The Lighting Control Innovation Award was created in 2011 as part of the Illuminating Engineering Society’s Illumination Awards program, which recognizes professionalism, ingenuity and originality in lighting design. LCA is proud to sponsor the Lighting Control Innovation Award, which recognizes projects that exemplify the effective use of lighting controls in nonresidential applications.
This month, we will explore an innovative installation of lighting controls at The Speakeasy, an immersive theater installation on Broderick Street in San Francisco. Design by Minuscule Lighting Design. Photography by Peter M. Liu. Lighting controls by ETC.
This immersive theater experience imagines a sprawling prohibition-era speakeasy, with multiple bars, a cabaret presenting live acts, a casino, all fronted by fake street-level businesses concealing entrances. An audience of 250 are mixed in with cast of 50 dispersed through multiple concurrent playing spaces. Guests can follow any actor from space to space and explore dozens of hidden easter eggs. This presented a unique challenge for lighting controls: multiple timelines must run concurrently and asynchronously, in concert with pre-recorded sound and live bands, but be centrally cued by a stage management team via closed-circuit video.
An initial nine-month run of the show revealed a host of other needs: a flexible and extensible controls system that supports continuous development and reprogramming of the show, improved safety lighting overrides and the ability to recover from localized failures gracefully, maintenance of show quality through long-life sources, and taming an electric bill that ran to hundreds of dollars per month due to the lack of centralized lighting controls and all-day usage of stage lighting as worklight.
Further stylistic constraints were the owner’s request to conceal all modern-day lighting and controls from guest view, and a budget stretched thin by the need to purchase facility lighting, plus a medium-sized theater controls system, plus period character themed lighting.
Minuscule Lighting Design addressed these concerns with a network-based control backbone capable of integrating control of the facility lighting with show lighting and delivering DMX-512 input/output cheaply and reliably over Cat 5 cable.
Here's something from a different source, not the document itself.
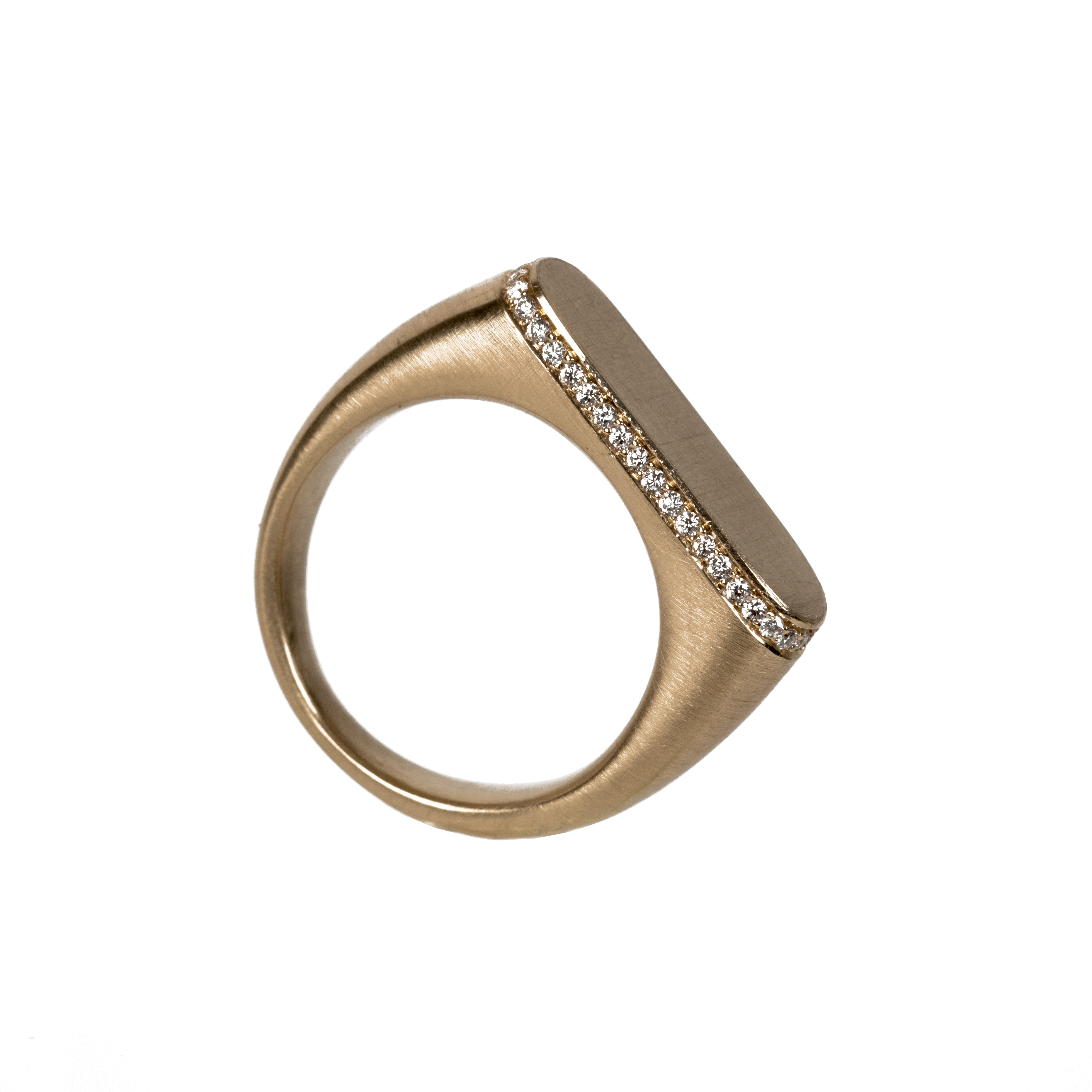 Sygnet pełny czyli stosunkowo ciężki bo wykonany ze złota 14 karatów czyli próba 585, 42 diamenty oprawione ręcznie pod mikroskopem VVS 0,2ct
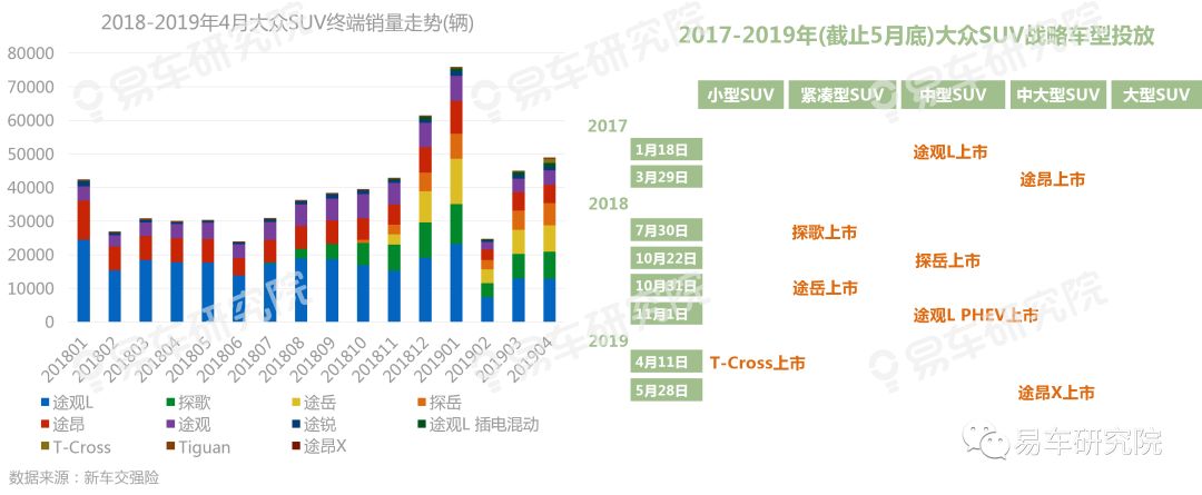 推SUV战略与大规模降价促销,助大众SUV持续上量并构建起产品矩阵,2019年4月终端销量超哈弗成SUV新领导品牌

LED-based lighting vastly reduced energy and cooling loads over incandescent fixtures used in the initial run. Occupancy sensing combined with timed sweeps after hours reduced the tendency for lights to be left on. Contact closure integration allowed us to have period-appropriate push button houselight switches in guest view, but selectively lock them out during shows.
Control riser. The control backbone is free-topology, allowing the owner to easily add devices to the nearest node point without homerunning back to the processor.
The process started with extensive period research. 1920’s era Sears Catalogs available via microfilm were an invaluable resource.
Proposed concept for concealing modern building systems behind scrim panels in the plenum above the lay-in ceiling, which was patterned with period-style pressed tin tiles.
View of theatrical accent lighting overlaid on period themed lighting. In this early rehearsal, the concealing mesh panel inserts are not yet installed.
Cabaret lighting included period touches such as footlights, a proscenium with bare lamp marquee and Austrian-style main drape.
Birds-eye view of the cabaret. Each of the table lights is an individually controllable RGB LED module.
Control diagram of cabaret table lights. Guests can flip the service call switch to change the color of the LED and summon waitstaff.
This dressing room mirror is actually one-way glass, allowing guests to follow the cabaret dancers story “offstage.” Luminances were carefully managed to maintain the illusion.
At its best moments, it is possible to forget that you are watching a scripted show and live in the period.